The theme, for Diana West, is clear. American leaders should be accountable to the American people. The proper patriotism of an American is not planetary patriotism. It is American patriotism. Globalists are annoyed by American patriotism, to be sure. They want to phase out the nation state. After all, nationalism causes wars and borders are inherently racist. But then, without a country that people can identify with, how will society be defended? Can the European Union defend Europe? Who is ready to lay down his life for the European Union? Since when has there been such a thing as “European patriotism”? Such conglomerates as the EU are too large, too detached, too abstract. People will not fight for conglomerates. How is Europe defended, then? The national armies of NATO’s members.
West believes we are extremely far along on “the continuum between nation-state and global-system-region.” The most revolutionary thing Donald Trump advocates, according to West, was explained by Trump, who vowed that, “We will no longer surrender this country or its people to the false Gods of globalism. The nation state remains the true foundation of happiness and harmony.”
Humans are born into specific ethnic groups, speaking the language of their tribe. To erase the tribe, or mix those tribes indiscriminately together, puts a country at risk for civil war. Globalists, then, are people who want to erase borders and destroy (especially) the most powerful tribe on the planet. And that tribe is America. It is shameful that we have forgotten these small truths, which have been kicked aside in favor of grandiose global ideals. It is in this context that West lays out the importance of Donald Trump.
As Diana West has elsewhere explained, we have not come to terms with the legacy of the Second World War. And we have not properly understood the Cold War. It should be no surprise that we are in a difficult situation today, with riots in California where the multicultural experiment has reached an advanced state. We have given priority, wrote West, to global interests rather than American interests. The result has been an erosion of American culture. The entire professional class of politicians, journalists, and academics think that American interests are one and the same as global interests. In a sense, we have been infiltrated by globalism even more than we have been infiltrated by communism. And here we find double trouble. According to West,
“When we couple this globalist infiltration and influence with the fact that the nation-state and its sovereignty, particularly our nation-state and our sovereignty, are the greatest obstacles to the continued spread of Marxism-Leninism and its multitudinous offshoots, it seems logical to study, to wonder about, the impact of the ideological war waged by Marxists on the American mindset.”

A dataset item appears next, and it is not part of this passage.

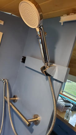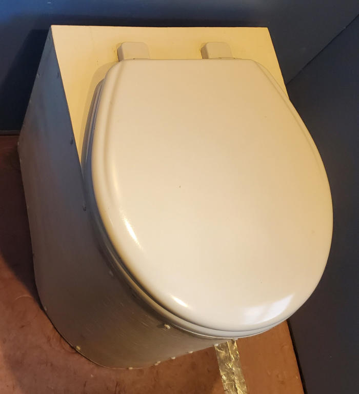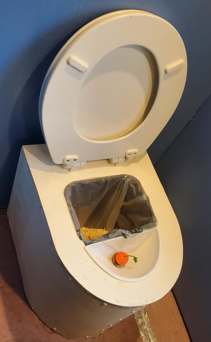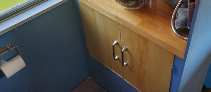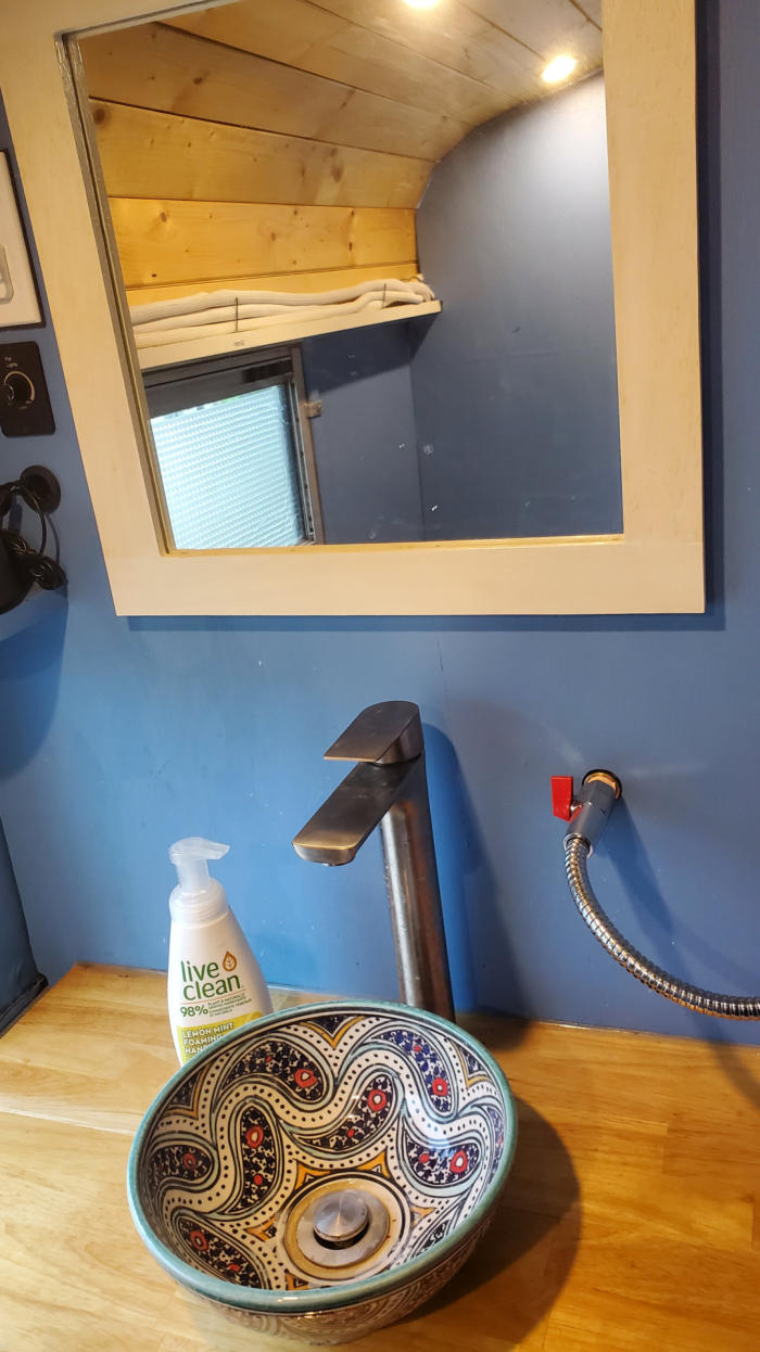 There is a bathroom with a counter and on it a Moroccan handmade pottery vessel sink. There are cupboards under the sink and wall-mounted mirror. The toilet is a purpose-built composting toilet with a urine diverter. Liquid waste goes in its own container. Solid waste goes in a compostable bag. (One-and-done. No warehousing poop.) Watch me build it here.The bathroom is plumbed with a working shower head, but no shower tray on the floor. (I found it easier to use public showers in camp grounds.)

Diana West’s book, Wake Up and Smell the Culture, contains essential insights for our time. But more than that, West raises questions most writers are afraid to touch. She even repeats questions terrifying for the mainstream media – like Susan Sandler’s disturbing email to John Podesta where we read the most curious paragraph of the 2016 election season: “The realtor found a handkerchief. I think it has a map that seems pizza-related. Is it yours?”
West is fearless when presenting the niggling questions of yesteryear. Those who write about current events have an obligation to confront corrupt and wicked leaders. Otherwise, how will we keep our freedom? West reminds us that radical transparency “was once journalism’s ideal,” just as America First used to be common sense.